TERNI – Sono passati sette anni da quando Umbria Jazz – comprese le parentesi Covid – è tornata a Terni. Ne va fiero il presidente della Fondazione Cassa di Risparmio, Luigi Carlini, che con altrettanto orgoglio annuncia l’edizione 2024 di Umbria Jazz Weekend dal 12 al 15 settembre, certo di aver reso un servizio culturale e sociale alla cittadinanza e forte del fatto che in questi anni si sono fatte più intense le relazioni con gli assessorati regionali e comunali ai fini del successo del festival.
L’assessora comunale alla Cultura Michela Bordoni ha invece insistito sui caratteri “identitari” su cui il Comune sta lavorando per caratterizzare il festival ternano di Umbria Jazz (tema su cui torneremo in seguito), con l’individuazione della location di Piediluco e l’allargamento del perimetro del centro con l’inclusione di piazza Valnerina. Il presidente della Fondazione Umbria Jazz Gian Luca Laurenzi va anche lui fiero del fatto che nel corso del suo mandato (in scadenza) si è riusciti a svolgere Umbria Jazz a Terni compreso l’annus horribilis del 2020 per il Covid, mentre l’assessora regionale al turismo e alla cultura Paola Agabiti (anche lei in scadenza di mandato) ha ringraziato tutti: Fondazione Cassa di Risparmio, assessorato comunale, ma soprattutto il direttore artistico Carlo Pagnotta, senza di lui non esisterebbe Umbria Jazz, il quale Pagnotta si chiede tutt’oggi, a distanza di sette anni dal ritorno a Terni, perché i ternani debbano essere i parenti poveri di Umbria Jazz, se è vero che ad esempio il budget di Orvieto ammonta a circa il doppio di quello di Terni che con i suoi 380 mila euro è la terza città umbra in quanto a risorse disponibili.
Poi passa alla musica e in fatto di musica, oltre al fatto che si potrebbe fare di più, definisce interessante il programma con un rinnovato ruolo centrale di piazza della Repubblica con musica quasi non-stop, dall’afrobeat africano, al blues al gospel, elogia gli instancabili Funk Off e tutto il pubblico che partecipa ad ogni loro evento, fa riferimento a Peter Bernstein, tra i più importanti chitarristi affermatosi a New York e a Danilo Rea che ha voluto quest’anno a compendio del 2020 quando il Covid gli impedì di partecipare, ringrazia i ragazzi di Baravai e del B Side che ospiteranno lo swing del tentetto di Nico Gori e plaude UJ4Kinds, lo spazio che Umbria Jazz dedica ai più piccoli.
Sui tratti identitari del festival ternano accennati dall’assessora comunale alla Cultura Michela Bordoni urge infine una riflessione.
La sensazione che in questi sette anni di Umbria Jazz a Terni emerge è che Terni non suscitando l’appeal di città storico-artistiche come Perugia e Orvieto, incastonate nei loro contesti architettonici e paesaggistici, fatica a trovare una propria individuazione territoriale, me più che di identità, sarebbe più corretto parlare di marketing territoriale. E’ infatti attraverso un’ampia operazione di promozione territoriale con la creazione di eventi di alto richiamo ad hoc che il festival ternano potrebbe trovare una propria più precipua collocazione nell’ambito del sistema Umbria Jazz regionale. Ma per fare marketing è necessario prima di tutto valutare le risorse che si è disposti ad investire per la promozione.
Questo è il punto nodale su cui ha insistito particolarmente Carlo Pagnotta che ha affermato che i 380 mila euro del budget ternano sono appena sufficienti per le spese di produzione e che ricorda che, dopo il Covid, i costi sono aumentati dal 30 al 50 per cento in più, compresa l’esosa lievitazione dei costi per il trasporto aereo.
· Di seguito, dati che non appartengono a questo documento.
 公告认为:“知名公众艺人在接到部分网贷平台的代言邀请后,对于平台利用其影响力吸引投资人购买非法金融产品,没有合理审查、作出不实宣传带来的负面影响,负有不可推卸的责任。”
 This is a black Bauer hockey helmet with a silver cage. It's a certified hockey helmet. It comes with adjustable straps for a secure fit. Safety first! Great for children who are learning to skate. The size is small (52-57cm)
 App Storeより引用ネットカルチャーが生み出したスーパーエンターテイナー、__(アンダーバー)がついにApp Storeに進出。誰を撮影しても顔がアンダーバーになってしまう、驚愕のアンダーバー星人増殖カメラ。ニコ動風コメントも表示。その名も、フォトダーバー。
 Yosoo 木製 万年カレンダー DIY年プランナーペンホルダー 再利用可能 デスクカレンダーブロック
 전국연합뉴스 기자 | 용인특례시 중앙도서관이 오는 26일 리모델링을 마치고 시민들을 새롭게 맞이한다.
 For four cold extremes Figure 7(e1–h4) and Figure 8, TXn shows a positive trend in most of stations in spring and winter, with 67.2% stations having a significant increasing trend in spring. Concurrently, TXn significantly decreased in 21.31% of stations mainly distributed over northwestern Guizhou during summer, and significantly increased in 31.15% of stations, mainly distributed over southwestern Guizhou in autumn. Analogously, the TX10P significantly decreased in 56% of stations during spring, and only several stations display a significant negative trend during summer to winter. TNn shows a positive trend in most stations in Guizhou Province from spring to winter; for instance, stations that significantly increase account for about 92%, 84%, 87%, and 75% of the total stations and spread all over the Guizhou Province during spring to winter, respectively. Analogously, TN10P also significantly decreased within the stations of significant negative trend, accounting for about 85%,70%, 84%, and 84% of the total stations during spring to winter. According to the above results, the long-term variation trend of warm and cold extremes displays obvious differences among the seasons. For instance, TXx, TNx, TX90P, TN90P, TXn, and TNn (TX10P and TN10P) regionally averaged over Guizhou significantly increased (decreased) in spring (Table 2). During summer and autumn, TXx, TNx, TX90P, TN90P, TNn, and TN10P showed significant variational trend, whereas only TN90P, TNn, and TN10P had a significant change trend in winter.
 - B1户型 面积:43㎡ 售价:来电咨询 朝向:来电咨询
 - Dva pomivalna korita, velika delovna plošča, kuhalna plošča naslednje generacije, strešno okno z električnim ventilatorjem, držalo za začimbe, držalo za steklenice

Dunque, più che una re-individuazione dei luoghi di svolgimento del festival – il successo di Umbria Jazz, del resto, è dovuto al format che prevede lo svolgimento nei centri storici delle città creando quel clima di enclave aperta della musica – sarebbe necessario investire nel marketing e nella promozione territoriale, superando quell’ulteriore gap che divide Perugia e Orvieto da Terni, vale a dire che alla parola città manca l’aggettivazione d’arte.